## Instructions for the task
Beneath this sentence is a listing. Return its lines from the one containing "- ВИН: 1GCDT13X04K******" through the last, exactly, and omit the pictures.
───── Supplied material ─────
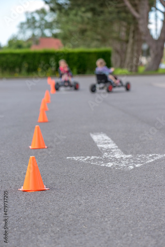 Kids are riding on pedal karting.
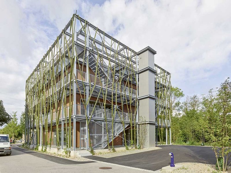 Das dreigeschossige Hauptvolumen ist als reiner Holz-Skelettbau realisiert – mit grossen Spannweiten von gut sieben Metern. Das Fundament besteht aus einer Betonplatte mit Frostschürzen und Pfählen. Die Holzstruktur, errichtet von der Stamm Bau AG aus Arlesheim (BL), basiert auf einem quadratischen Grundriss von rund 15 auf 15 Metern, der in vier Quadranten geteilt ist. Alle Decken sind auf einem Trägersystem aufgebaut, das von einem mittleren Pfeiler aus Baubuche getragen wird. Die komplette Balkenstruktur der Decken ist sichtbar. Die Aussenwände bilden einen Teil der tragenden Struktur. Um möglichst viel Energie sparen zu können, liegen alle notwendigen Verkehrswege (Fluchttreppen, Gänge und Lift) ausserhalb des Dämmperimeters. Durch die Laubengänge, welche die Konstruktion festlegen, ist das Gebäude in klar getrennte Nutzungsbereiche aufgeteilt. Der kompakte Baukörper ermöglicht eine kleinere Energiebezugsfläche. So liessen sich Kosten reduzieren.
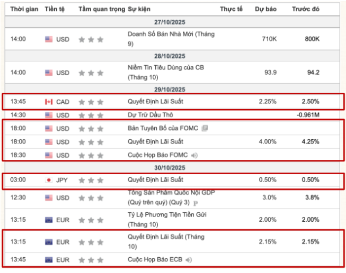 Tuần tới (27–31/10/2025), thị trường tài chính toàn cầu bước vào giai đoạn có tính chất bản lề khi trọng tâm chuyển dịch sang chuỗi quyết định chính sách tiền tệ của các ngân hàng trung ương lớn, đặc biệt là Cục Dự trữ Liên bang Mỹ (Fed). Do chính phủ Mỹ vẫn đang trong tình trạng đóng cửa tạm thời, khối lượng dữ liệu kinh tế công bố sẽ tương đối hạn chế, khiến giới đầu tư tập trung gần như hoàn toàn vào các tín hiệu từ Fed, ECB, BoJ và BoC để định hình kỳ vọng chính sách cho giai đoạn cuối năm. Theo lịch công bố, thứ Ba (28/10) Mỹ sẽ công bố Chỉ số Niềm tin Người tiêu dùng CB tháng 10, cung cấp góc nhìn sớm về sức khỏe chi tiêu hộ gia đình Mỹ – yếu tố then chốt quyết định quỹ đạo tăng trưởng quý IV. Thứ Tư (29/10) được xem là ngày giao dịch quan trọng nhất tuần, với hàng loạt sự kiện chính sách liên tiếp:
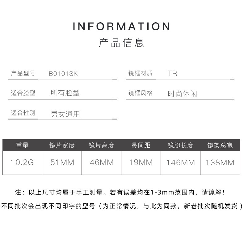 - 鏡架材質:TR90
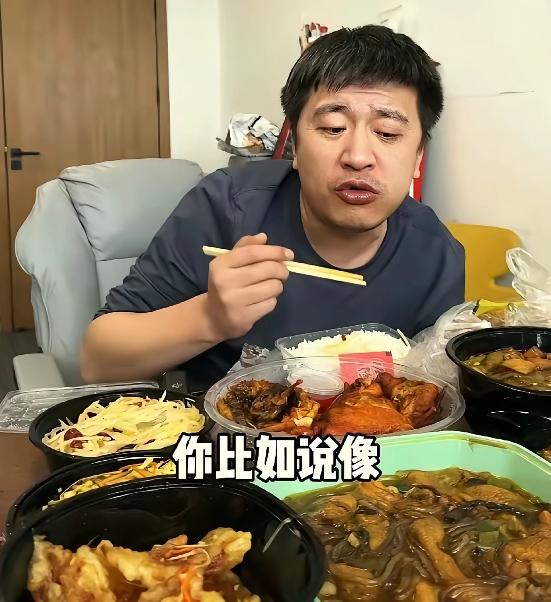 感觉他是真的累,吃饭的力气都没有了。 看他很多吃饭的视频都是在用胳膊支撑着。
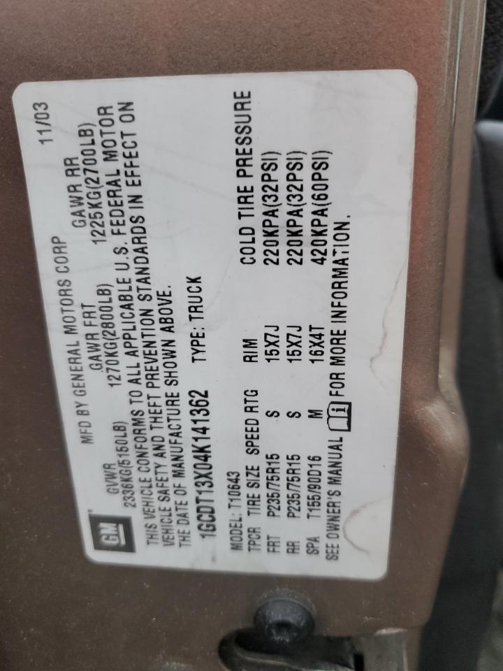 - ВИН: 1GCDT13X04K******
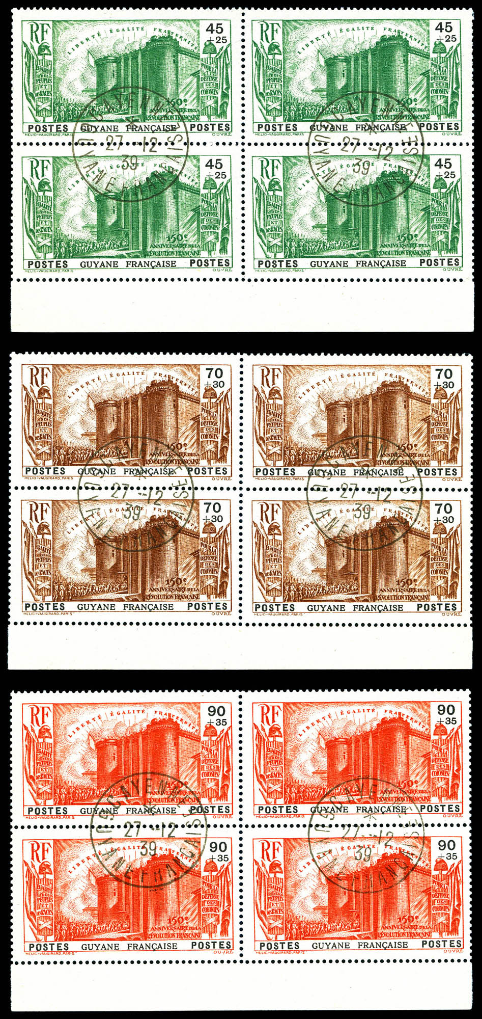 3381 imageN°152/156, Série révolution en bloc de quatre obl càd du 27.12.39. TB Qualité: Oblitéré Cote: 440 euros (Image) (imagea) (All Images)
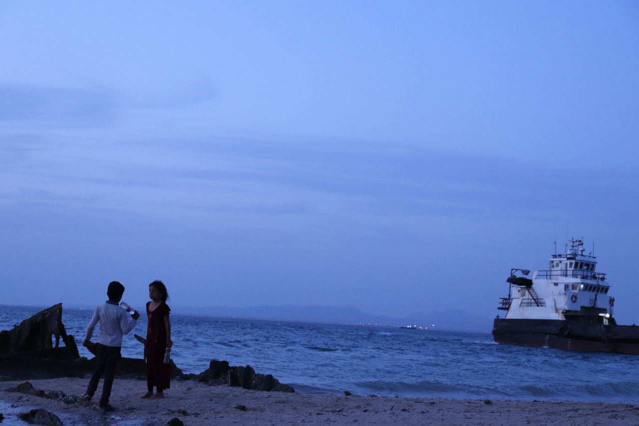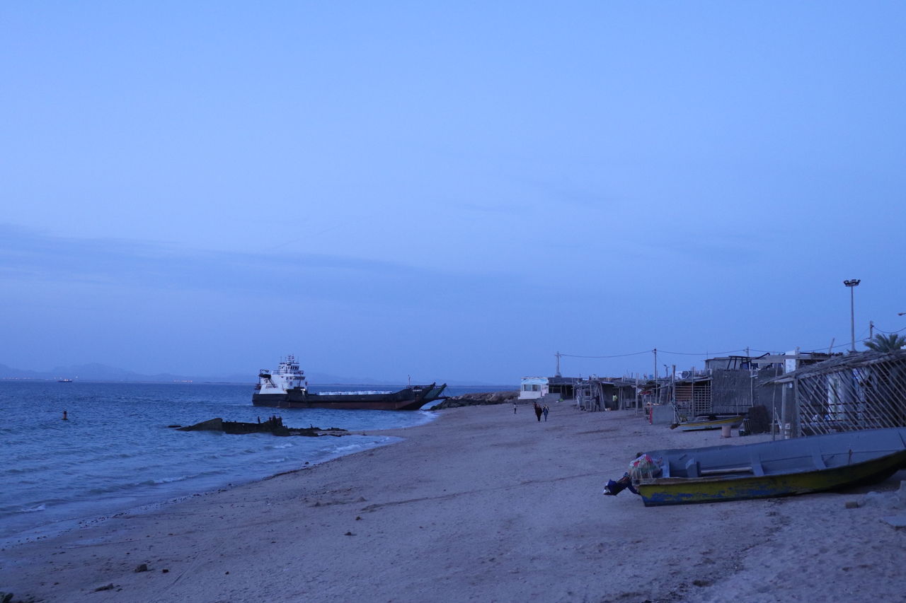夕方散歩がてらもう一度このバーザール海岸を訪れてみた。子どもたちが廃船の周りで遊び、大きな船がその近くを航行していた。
─────
## Your response
 - ВИН: 1GCDT13X04K******
 3381 imageN°152/156, Série révolution en bloc de quatre obl càd du 27.12.39. TB Qualité: Oblitéré Cote: 440 euros (Image) (imagea) (All Images)
夕方散歩がてらもう一度このバーザール海岸を訪れてみた。子どもたちが廃船の周りで遊び、大きな船がその近くを航行していた。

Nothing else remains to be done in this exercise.